3.5.1. Transformations vs Processors
A Transformation is fundamentally different than a Processor. Moreover, they complement each other. A Transformation can be seen a very simplified version of a Processor that has a single input and a single output and in which the input data stream is processed as it is read.
In general you will find yourself implementing a Processor to perform the data stream processing required by your system. Nevertheless there are cases where a Transformation is more suitable for certain patterns such as format conversion, content reduction, or normalization (see What stream processing patterns can I perform?).
3.6. What stream processing patterns can I perform?
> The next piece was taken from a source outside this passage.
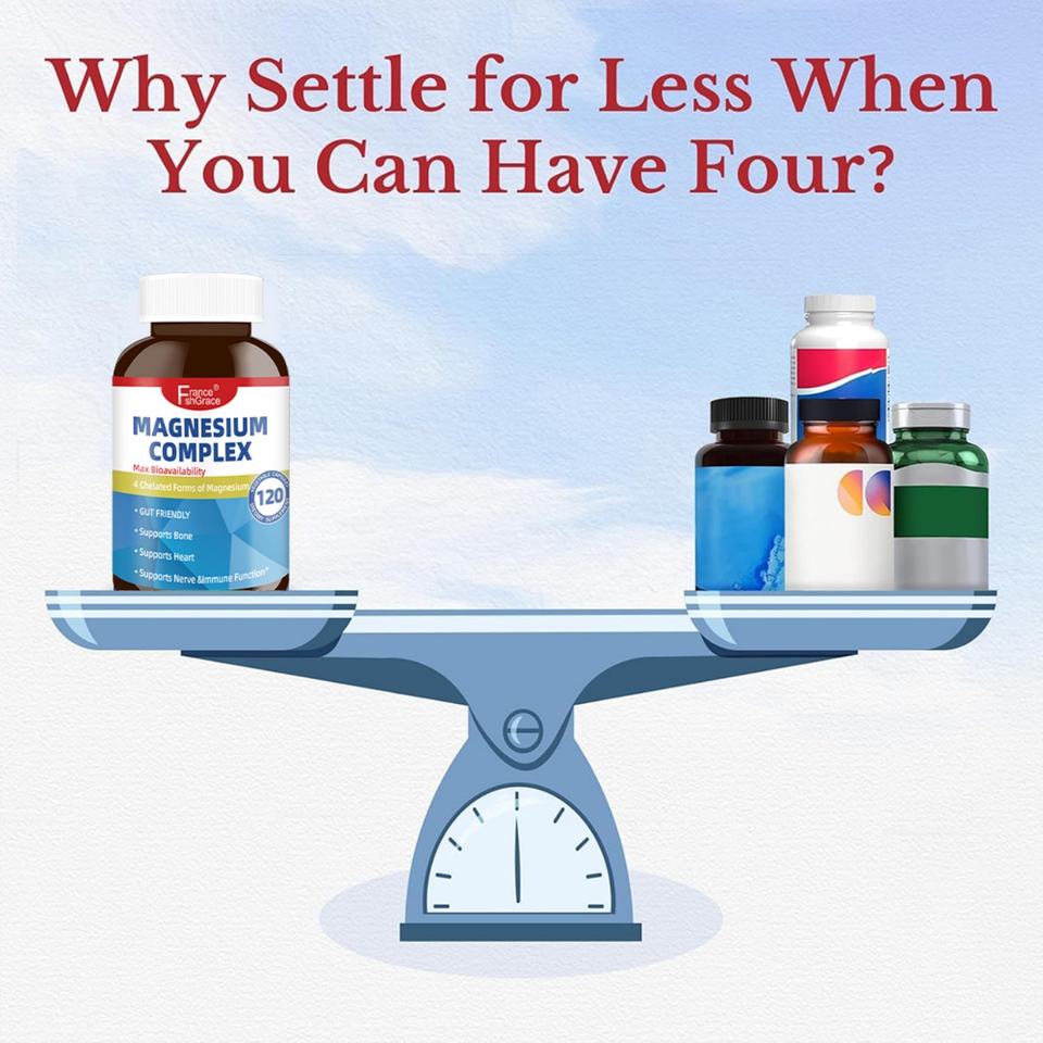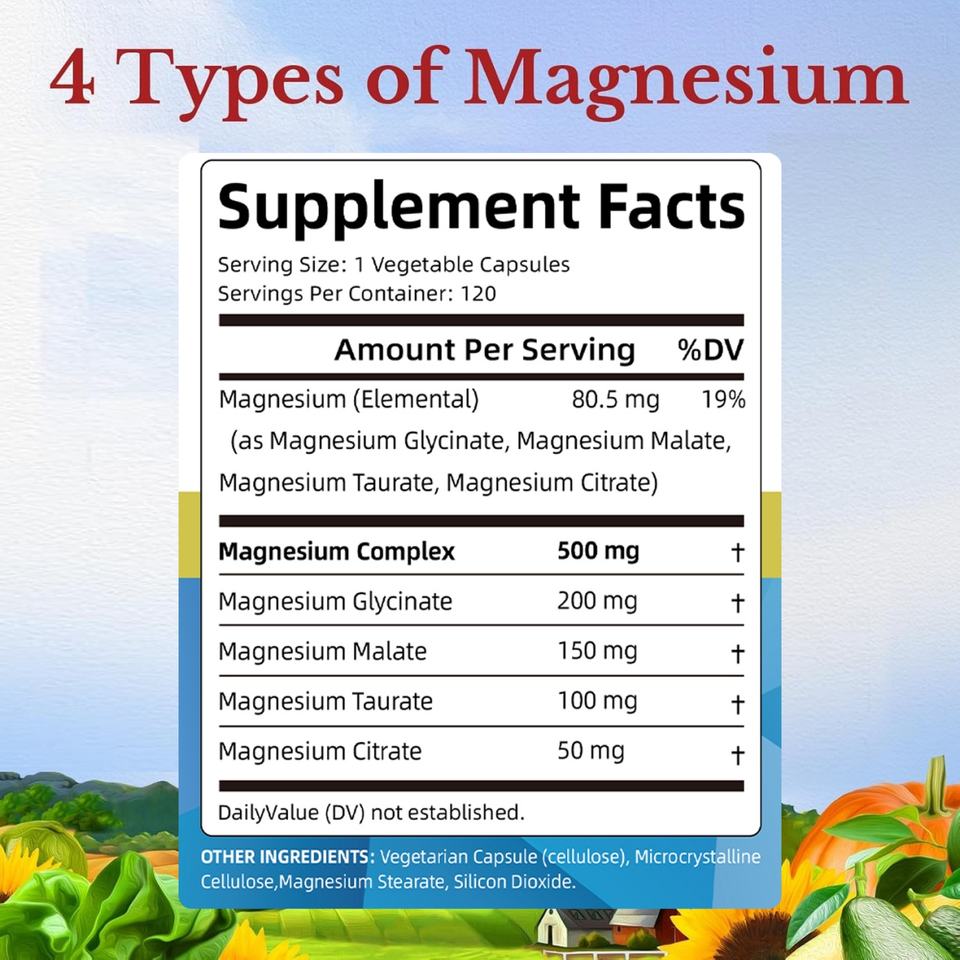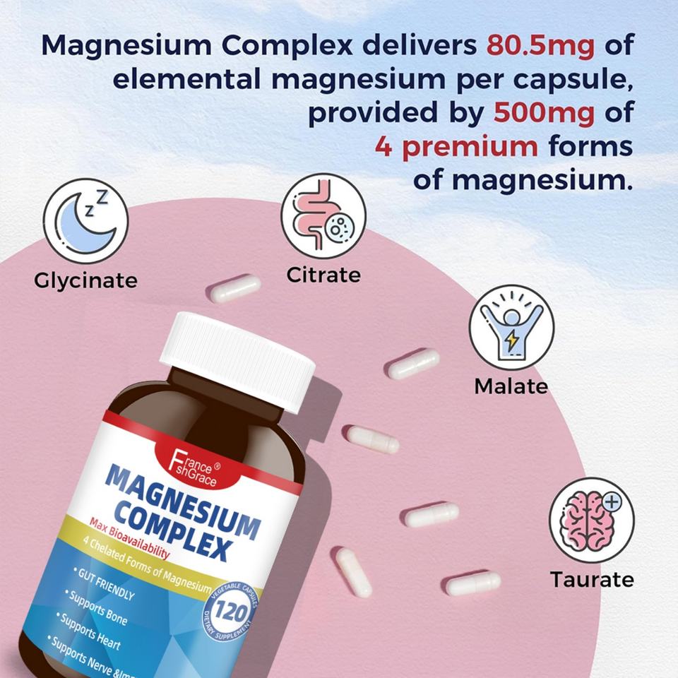 Suplemento de Magnesio Complejo de Fábrica GMP para Dormir y Apoyar la Salud del Corazón, 120 Cápsulas Veganas de Magnesio de Alta Absorción

With Routing Service you have the ability to define routing paths with multiple inputs and outputs, and provide custom processing logic for the data streams of those paths. This provides a great degree of flexibility that allows to perform pretty much any processing pattern.
In addition to the presented patterns of aggregation, splitting, and periodic action, there are other well-known patterns:
Data format conversion: this is the case where the input samples are represented in one format and are converted to produce output samples of a different format. For example, input samples could be represented as a byte array and converted to a JSON string.
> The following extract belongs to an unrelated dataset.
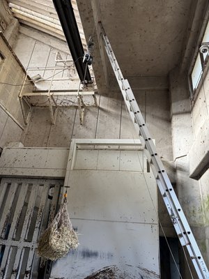 ゾウキーパー奮闘記おなじみの高所作業。長いハシゴを使って電動ウインチにリモコンの線を接続します。おかげで再び動くようになりましたが、操作のたびに2階にあるリモコンのところまで行かないといけなくなりました。はたして楽なのか楽じゃないのか。

Content Enrichment: an output sample is the result of amplifying or adding content to an input sample. For example, output samples can be enhanced to contain additional fields that represents result of computations performed on input sample fields (e.g., statistic metrics).
Content Reduction: an output sample is the result of attenuating or removing content from an input sample. For example, output samples can have some fields removed that are not relevant to the final destination, to improve bandwidth usage.
Normalizer: output samples are semantically equivalent to the input samples except the values are adjusted or normalized according to a specific convention. For example, input samples may contain a field indicating the temperature in Fahrenheit and the output samples provide the same temperature in Celsius.
Event-based or Triggered Forwarding: output samples are generated based on the reception and content of concrete input samples in which some of them act as events indicating which, how, and when data is forwarded.
3.7. Key Terms
- Data Stream
The collection of samples received by a TopicRoute’s Input or written to a TopicRoute’s Output.
- DynamicData
A general purpose structure that contains data of any type.
- Processor
Pluggable component to control the forwarding process of a TopicRoute
An output artifact that contains the implementation of pluggable components that Routing Service can load at run-time.
- Entry Point
External symbol in a shared library that Routing Service calls to instantiate a custom plugin instance.
- Stream Processing Patterns
Processing algorithms applied to the data streams of a TopicRoute.
- Periodic action
TopicRoute event notification occurring at a configurable period.
- Transformation
Pluggable component perform modifications of a forwarded data stream.